What did your dad tell you about the case?

He didn’t tell me much–he’s very emotional about it. He’d tell me, “I don’t know how this even happened to these kids. It was such a clear miscarriage of justice.” When I told him about the show, he was happy that the guys were willing and able to talk about what they’d gone through and to help other boys in the future, especially since this is something that still happens to this day. 

What was it like working with the Exonerated Five and Ava DuVernay? 

It was really great. Right away, Ava wanted us to jump in and meet everyone. Ray had just gone back to Atlanta, so I Facetimed with him and we chatted. I told Ray I didn’t want to bring up anything bad. He told me, “I want you to feel comfortable to ask me any questions you need to that’s gonna make [the show] right.” I was really taken aback by how generous [the Exonerated Five] are with themselves and how much they opened up to us, even when it’s clearly hurting them to do so.  

Working with Ava was a dream. It’s hard to explain how she works, because there’s no one else who directs like her. She’s a genius. She knows how to get something out of you–an emotion– just by asking simple questions. She also genuinely cares about the actors and how comfortable we are.

The way Ava and Bradford Young, the cinematographer, work together is amazing. Oftentimes when you’re filming a show, the camera is directly in your face and blocking the other actors so you can’t ever act with them. It’s like you’re talking to a wall, and you can’t get a real performance from that. But Ava and Bradford don’t do that. They make you feel like you’re plopped into the world in which you’re acting.

What was the most challenging part of the role?

There were some scenes that got cut that were really hard and pressed the issue of Ray’s relationship with Tanya’s child. I learned about the challenges of making that relationship work; legally, Ray wasn’t allowed to be around Tanya’s child because he was considered a sex offender and the child wasn’t blood related. I struggled to wrap my head around what that really meant for Ray, and how difficult it was for him to do anything or go anywhere without being scared that something was going to happen to him, Tanya or his family. 

This show opened my eyes to how far the justice system will go–and I don’t even want to call it that because it’s not just. It made me realize that the “justice” system constantly railroads people’s lives because it’s easier, more convenient or they don’t feel like doing their jobs. There doesn’t have to be a reason.
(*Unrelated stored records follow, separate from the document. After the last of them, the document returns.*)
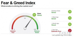 CNN恐懼與貪婪指數周三(8月19日)讀數68,表明市場處在貪婪狀態,較上一交易日下跌2點; CNN恐懼與貪婪指數周三(8月19日)讀數68,表明市場處在貪婪狀態,較上一交易日下跌2點;注:CNN恐懼與貪婪指數,和「VIX恐慌指數」差不多的功能;當CNN恐懼與貪婪指數處在貪婪狀態,相當於VIX恐慌指數處在低位,利好風險資產,不利避險資產;...... [閱讀更多]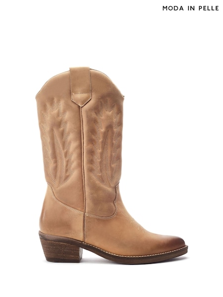 Moda in Pelle Natural Oka Embroidered Mid Calf Western Boot
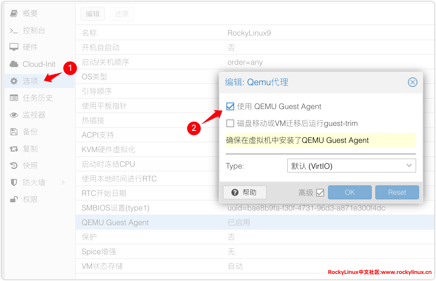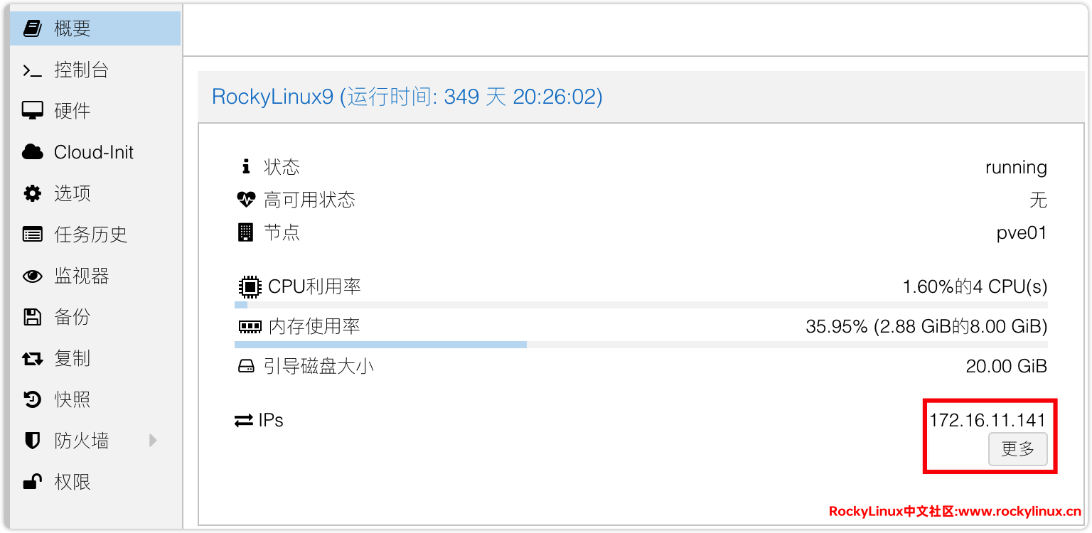 安装重启后,确保在[概要]中可以看到对应IP信息,如果无法看到对应IP信息,说明QEMU Guest Agent未启用,需要在[选项]中启用。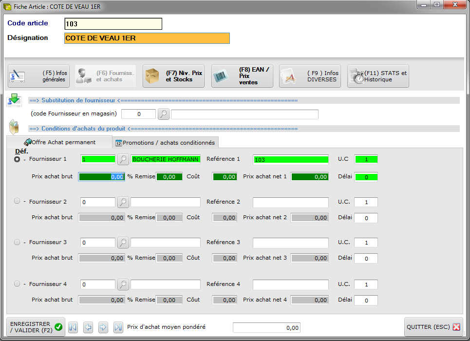 Dans cet onglet nous trouvons donc tout ce qui concerne l’achat de ce produit. Vous remarquez que vous pouvez avoir jusqu’à quatre fournisseurs par produit. Le fournisseur actif est indiqué sur un fond vert.

I’d always known there was injustice happening, but working on the show made me realize how deep it is.

How did the role help you grow as an actress? 
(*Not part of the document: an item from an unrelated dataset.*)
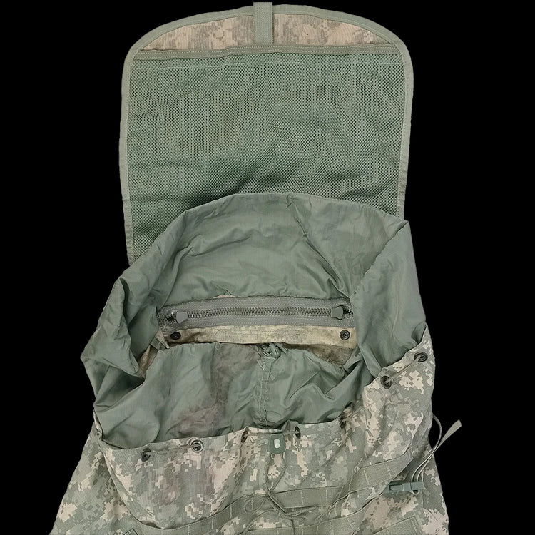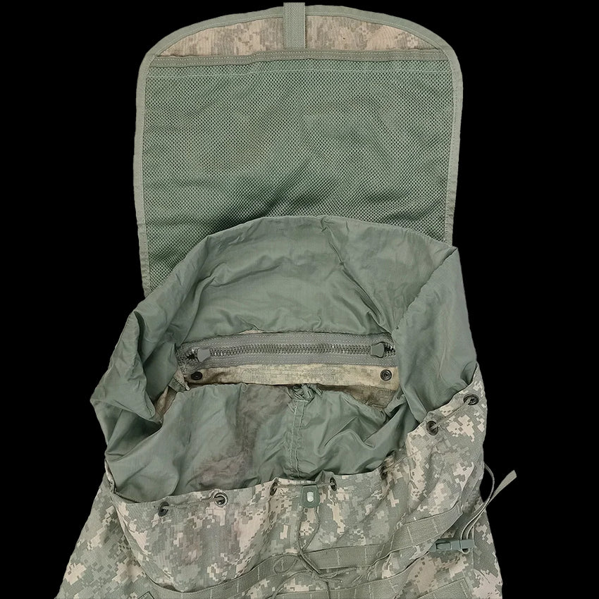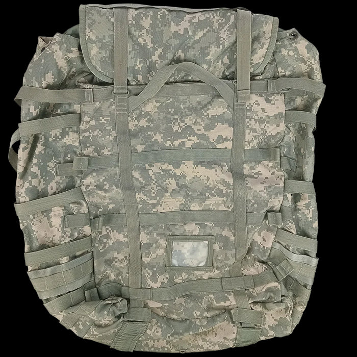 UCP pack, no straps, no frills. This is a large rucksack from the US Army. Officially known as 'Equipment MOLLE II Rucksack, Large'. This is a big pack, and if you like to punish yourself with extra weight to carry, expand this packs capacity with any manner of large and small pouches via the multiple PALS webbing straps.

I had to do much more research for this role than any others I’ve had in the past. It wasn’t something you could just phone in and make it up on the spot. This made me realize that I should be doing more research for all of the roles I play. For example, I’m playing a detective on a show now, and I’ve been researching why she does certain things and why other things happen. I’m also asking a lot more questions. Working with Ava helped me understand that asking yourself simple questions–which is harder than it sounds–helps you develop as an actor.
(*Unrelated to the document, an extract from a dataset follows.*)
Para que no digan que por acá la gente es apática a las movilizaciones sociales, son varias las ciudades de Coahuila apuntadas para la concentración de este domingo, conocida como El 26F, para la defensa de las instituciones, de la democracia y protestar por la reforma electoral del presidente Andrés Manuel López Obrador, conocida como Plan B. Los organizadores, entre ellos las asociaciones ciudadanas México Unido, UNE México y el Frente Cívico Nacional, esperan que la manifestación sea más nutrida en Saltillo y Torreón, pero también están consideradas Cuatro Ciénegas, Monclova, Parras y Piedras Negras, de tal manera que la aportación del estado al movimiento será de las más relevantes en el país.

Why do you want to be an innocence ambassador?

After When They See Us, I wanted to find more ways to get involved in addressing the issue of wrongful convictions and the system that makes them possible. Half of my family is African American, and I realize now that I live with this constant underlying anxiety about my boyfriend and my dad and my uncle. Are they going to be okay? I can’t walk down the street with my dad and see a cop without wondering if something’s going to happen. Realizing that this is something many of my family members constantly experience, and finding out that the Innocence Project actually helps people, energized me to get involved. 

Where on screen should we look out for you next?!

I’m filming a show right now called Prodigal Son, which will air on FOX on September 23.